Wyden Introduces Universal (?) Health Care Bill

by: Matt Browner Hamlin

Wed Dec 13, 2006 at 12:19:37 PM EST


I've seen this touted as a universal healthcare bill, but I don't quite see how it is. Mostly it seems to ensure that people can change jobs and still have health insurance. I'd welcome an explanation about how this bill would increase the health care coverage to all Americans. Associated Press:
Wyden's proposal, which he planned to unveil on Wednesday, is an outgrowth of work by the Citizens' Health Care Working Group, a 14-member panel that went to 50 communities around the country and heard from 28,000 people about how to overhaul the nation's health care system.
...
Wyden said his new plan would allow workers to carry their health insurance from job to job without penalty. More efficient administration and more promotion of competition for health care plans, he said, would allow greater coverage while costing no more than the government is paying today for health insurance coverage.

Called the "Healthy Americans Act," the plan would cover all Americans except those on Medicare or those who receive health care through the military.
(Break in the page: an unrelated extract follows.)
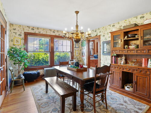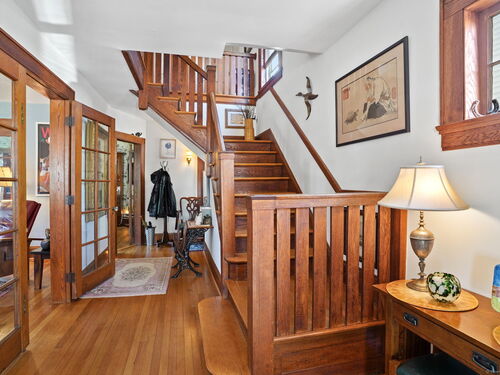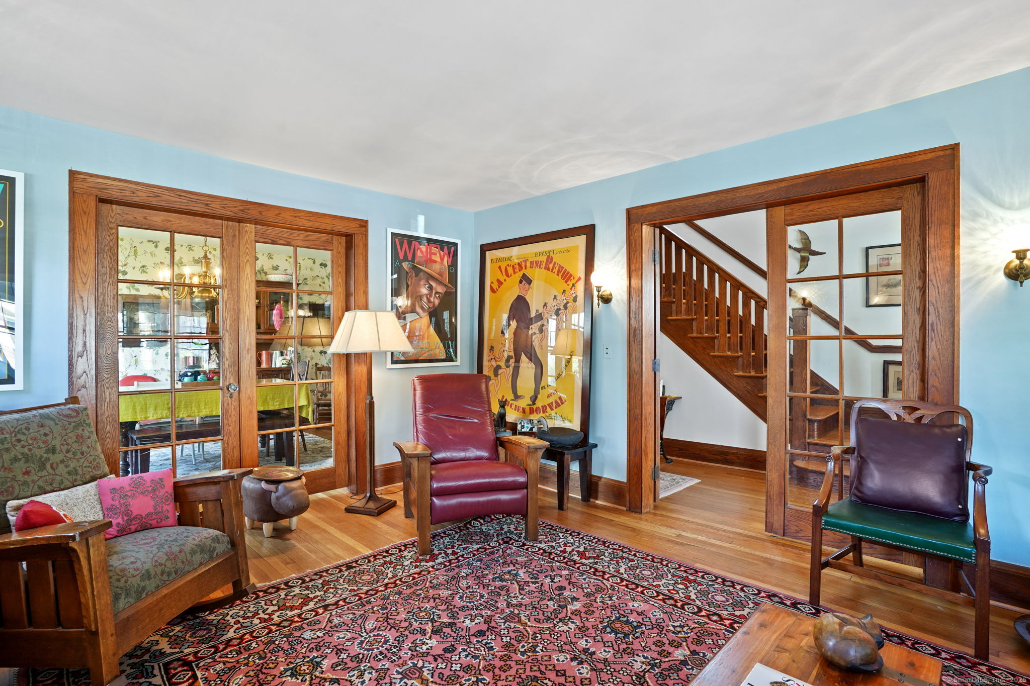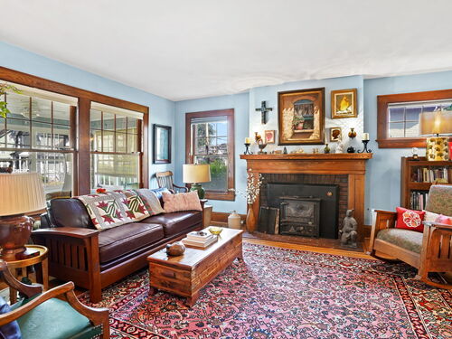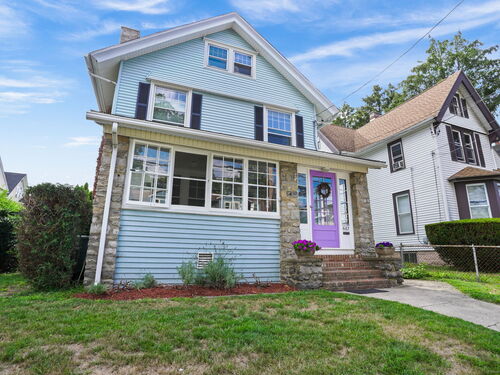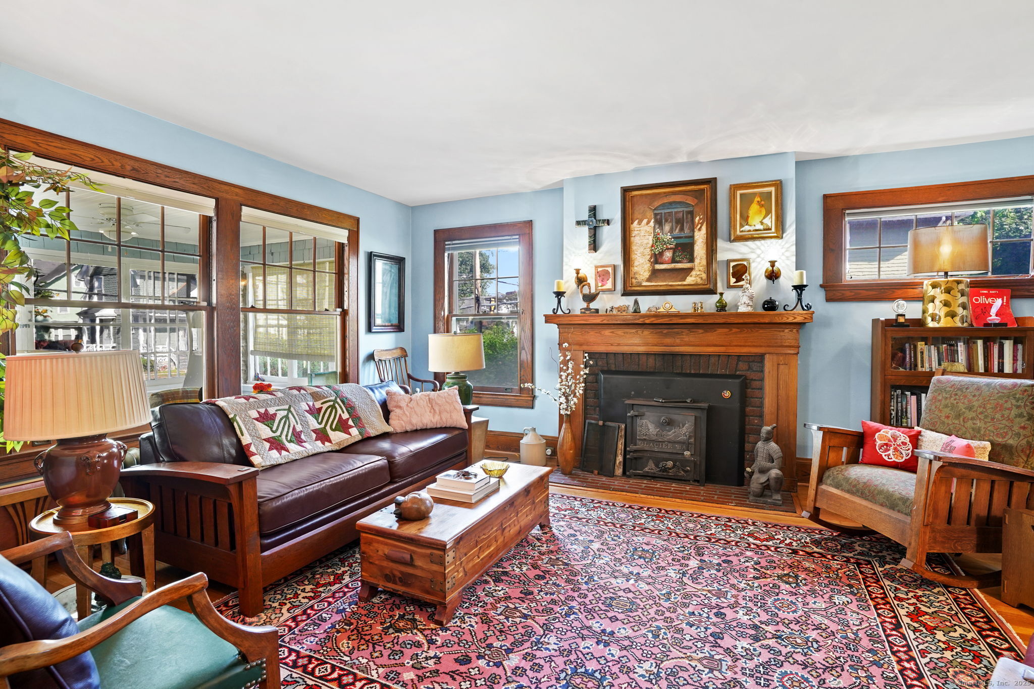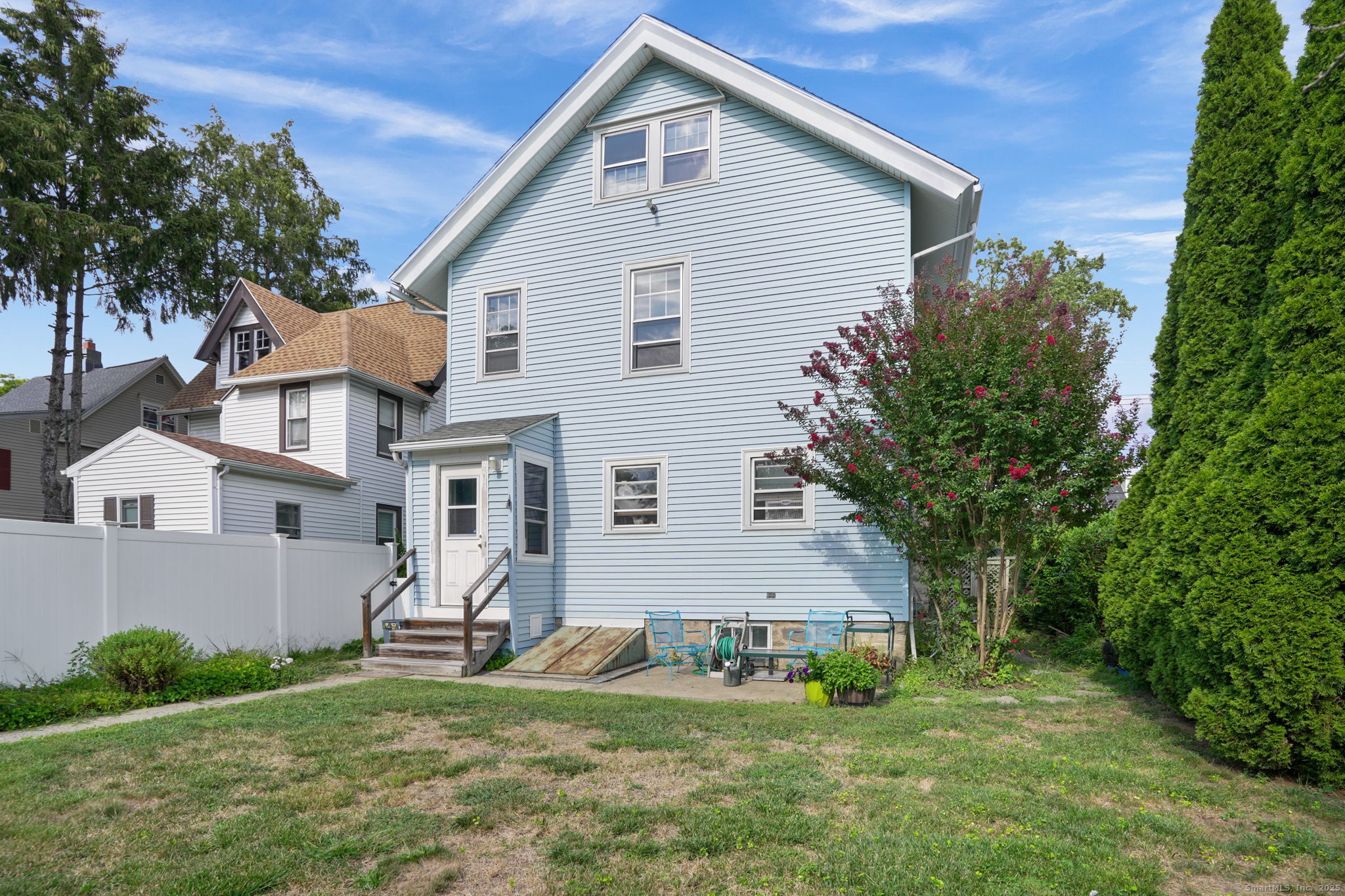 Discover the charm of this exceptional Brooklawn Colonial, a true gem built in 1907 that embodies the essence of Arts and Crafts architecture. This beautifully preserved home boasts original wood floors and intricate wood accents throughout, exuding authentic character at every turn. The welcoming enclosed front porch invites you into the main level, where you'll find soaring ceilings, elegant French doors, and a cozy fireplace in the living room. The main floor also features a formal dining room, spacious kitchen and a full bath for your convenience. Ascend the graceful wooden staircase to the upper level, where four generously sized bedrooms and a second full bath await, offering ample space for guests or a home office. The level backyard is a private oasis, complete with a border garden and a fully fenced yard, perfect for outdoor enjoyment. The property also includes a one-car garage, accessible via a shared driveway. Located just minutes from the vibrant Downtown Bridgeport, Black Rock, and Fairfield, Brooklawn offers easy access to shopping, dining, and two golf courses. Additionally, the home is conveniently situated near public transportation and I-95, making commuting a breeze. Don't miss this special opportunity - schedule your private showing today!

It would require that employers "cash out" their existing health plans by terminating coverage and paying the amount saved directly to workers as increased wages. Workers then would be required to buy health insurance from a large pool of private plans. [This is the key paragraph that I was missing - Matt]

After two years, companies would no longer have to pay the higher wages. Instead, Wyden said, they would pay into an insurance pool, based on annual revenues and the number of full-time workers.

It's a good sign that Andy Stern of SEIU supports the Wyden bill.


"Our employer based health care system is a relic of a national and industrial economy. Today, America cannot compete in a global economy when we put the price of health care on the cost of our products, and our competitor nations do not. It is a failed job creation, trade, and economic policy, not to mention the moral dimension of the uninsured and underinsured.

"It is time for fundamental, not incremental change, and Senator Wyden has a plan that is practical and principled, and sets down a moral test: Why doesn't every American have the right to the same health care as the President, the Vice President, 535 members of Congress, and 3 million Federal workers?

"On behalf of the 1.9 million members of SEIU and their families, and as the largest union of health care workers, we believe Senator Wyden has made a critical contribution to the debate that Congress must attend to next year. Americans are sick and tired, and cannot afford to wait any longer for change."


I still need to see some details on this before I can pass judgement.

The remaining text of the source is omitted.